Cross Linking Makes the Difference

Linking modern interlocking systems and new safety technology makes it possible for carriers to use advanced train control systems (ETCS) that react quickly and efficiently to resource conflicts – to name just one example. They not only detect technical defects or delays, but also analyze their downline effects. Partially autonomous operations in the first ATO (Automatic Train Operation) implementation projects also require digital modeling of the entire infrastructure.

Cross linking and integrating all areas via (as standardized as possible) interfaces will massively improve the quality of the operational process. Close interlocking of workshop planning, vehicle scheduling and error management in the timetable will lead to

  • a more efficient utilization of the workshop,
  • reduce costs for vehicle provisioning and
  • ensures higher vehicle availability for scheduling.

The software market already offers commercially available networked systems just for this purpose. PSItraffic integrates vehicle and workshop dispatching with a train control system (TCS) or a fully automatically train driving system which detects conflicts at the (partial) route level. Even conflict resolutions, e.g., in the event of a changed train sequence or a necessary bypass of blocked tracks, can be calculated and activated with the push of a button.

Data Drives Reliable Solutions

Because the system also considers all subsequent trips, connections and workshop orders, station inspectors and dispatchers only have to select the desired solution with a mouse click in the event of a conflict, and that provides considerable relief.

If a carrier plans to build a new interlocking system, create a digital remote driving system, introduce automatic train operation or modernize the train driving system, having only information on the railway network and signal positions is no longer enough.

To benefit from the advantages of digitization and networking of all systems, the entire project development will be required in electronic form.

This also includes data which are often hidden deep in the interlocking system design, e.g., signal overlap sections, flank protection and the resulting incompatibility between routes. In addition, all information from flanking third-party systems must also be included.

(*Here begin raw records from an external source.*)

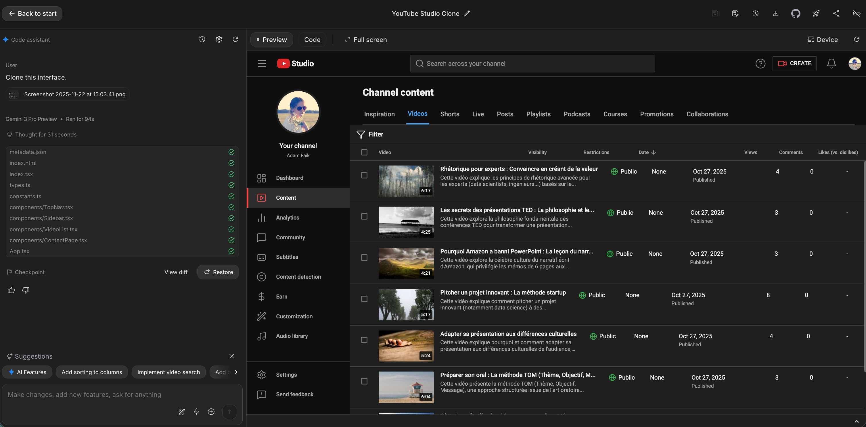 A funny detail: It knows what you need. Here is something that genuinely surprised me. Once the clone was ready, I looked at the “Suggestions” bar at the bottom. The tool had analyzed the context of my dashboard (views, videos, dates) and was already suggesting relevant AI features to add, like “Add date filter,” “Add video search,” or even generic “AI Features.”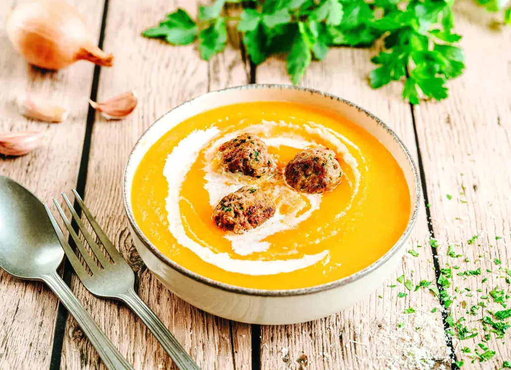 La tendresse des boulettes de dinde rencontre la douceur du velouté de butternut.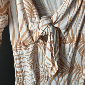 Roxy Tan & White Palm Tree Print Tie Front Casual Summer Midi Dress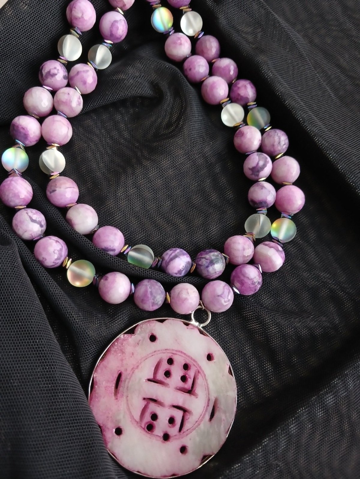 تحفة فنية مزدوجة الطبقات مشغولة يدوياً من أحجار العقيق البنفسجي الفاخر وفواصل الأوبال الحالمة. يتوسط التصميم دلاية ضخمة من العقيق الطبيعي المنحوت، مع لمسات من حجر الهيماتيت المعدني لتضفي طابعاً عصرياً. القلادة مزودة بسلسلة خلفية أنيقة لتعديل الطول، مما يجعلها قطعة استثنائية تمنحكِ إطلالة ملكية مستوحاة من سحر الطبيعة.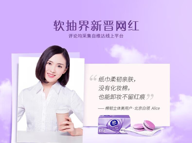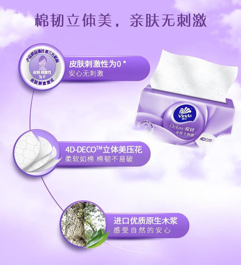 商品名称:维达(vinda)抽纸 棉韧3层100抽*8包/提 亲肤无刺激 卫生纸纸巾餐巾纸【V2833-8包】

An end-to-end system must continuously answer the following questions:

  • When can an interlocking route be set up without hindering other trains?
  • Will the just arriving train leave in time to clear the route for the next train?
  • Which bypasses are possible and advisable in the event of conflicts caused by delays?
  • Under what conditions will the order of trains be changed if some of the trains arrive late from different lines and now share the same route?
  • Where are the hazardous areas that may need to be driven at a slower speed?
  • Taking into account track layout geometry such as gradients and curve radii, which acceleration is optimal in order to maintain the arrival time with the least energy consumption?
  • Which connections have to be maintained, how much room for maneuvering is there and what transfer times are required?
  • When does a stop need to be extended by a few seconds to accommodate a connection in case of a slightly delayed feeder line?

Towards a Digital Railway

Nevertheless, it is worth working through this phase, especially since a structured approach will invariably avoid surprises down the line. The process typically begins with recording the technical infrastructure on the basis of track diagram documents. The interlocking data (interlocking routes, specified times) are then integrated and checked. As a result, all collected data are available electronically and in consolidated form.

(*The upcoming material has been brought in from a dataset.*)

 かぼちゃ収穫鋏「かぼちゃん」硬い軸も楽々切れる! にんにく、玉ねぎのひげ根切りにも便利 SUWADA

This way common carriers can prepare for modernization and will also have a reliable foundation for further steps on the way to the Digital Railway.

For example, if the route network was digitally captured to replace an outdated interlocking system, it also contains almost all the data that a TCS or ATO system will require. Data for all interconnected systems like data hubs that work on less detailed network models can be extracted as well.

Track diagram (Example). Source: NEAT
Track diagram (Example). Source: NEAT

Framework Conditions for Successful Data Acquisition

The following framework conditions have proven themselves to be useful for the smooth digitization of a network:

1. Data collection in standard format

Data collection should be based on a common standard format such as railML or EULYNX. Using a mature standard ensures that the data is complete and consistent and in a well-documented format. This ensures reusability for later projects.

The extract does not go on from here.